RA completa 13 anos no AR

segunda-feira, 5 de setembro de 2005

O grito

Crônica de Frei Beto, publicada hoje na Folha Online

Vestida de preto, a mulher está sobre a ponte. Traz o rosto entre as mãos e de sua boca ovalada brota o desespero. Clássico do expressionismo, "O Grito" (1893), do pintor norueguês Edvard Munch, traduz o horror, a solidão, o impasse (a ponte une pólos opostos, mas nem todos conseguem ir de um lado a outro).

O lema do 11º Grito dos Excluídos, promovido em 7 de setembro pela Igreja Católica e movimentos sociais, evoca uma decepção: "Brasil: em nossas mãos, a mudança". A esperança foi depositada em mãos do governo Lula. A política econômica não mudou. Conquista estabilidade, aumenta o emprego formal, mas restringe investimentos públicos e privados.
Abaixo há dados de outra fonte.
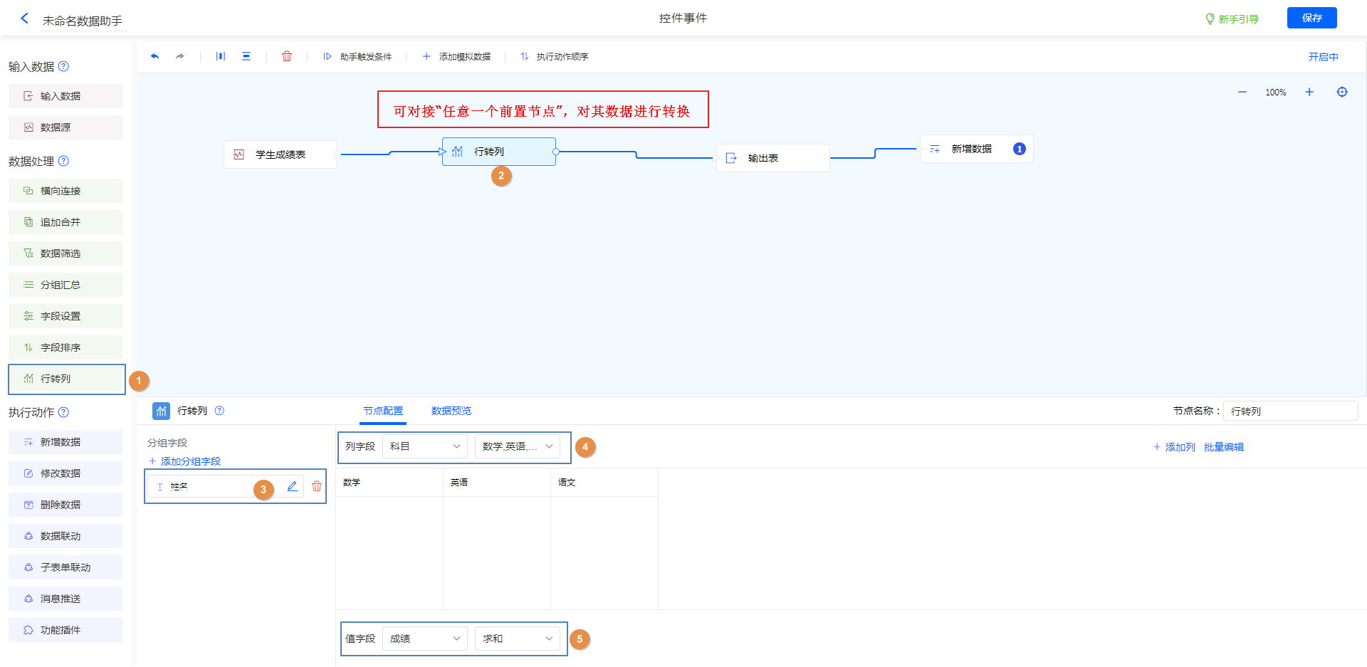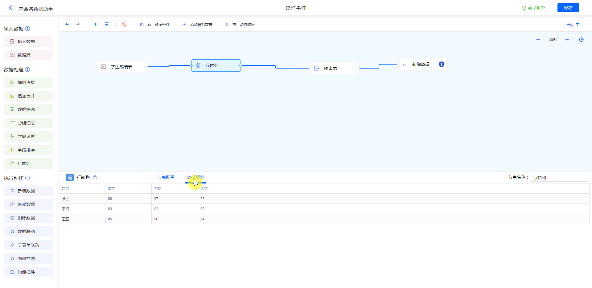 节点配置好后,点击 [数据预览] 可以查看行转列后的数据效果。

E, ainda que exitosas em seu caráter compensatório, as políticas sociais não alteraram as estruturas arcaicas, como a fundiária, que impedem a redução da desigualdade social.

Mudou, sim, infelizmente, o modo de fazer política de um núcleo dirigente do PT, que aprendeu com seus adversários históricos a trafegar pelo labirinto sórdido da corrupção.

Um novo projeto Brasil, não o das utopias e quimeras, mas consistente, viável, deve levar em conta o possível e não apenas o desejável. Projeto que os economistas do PT ficaram devendo, abrindo brecha à continuidade tucana no comando da política financeira, equivocadamente citada como econômica.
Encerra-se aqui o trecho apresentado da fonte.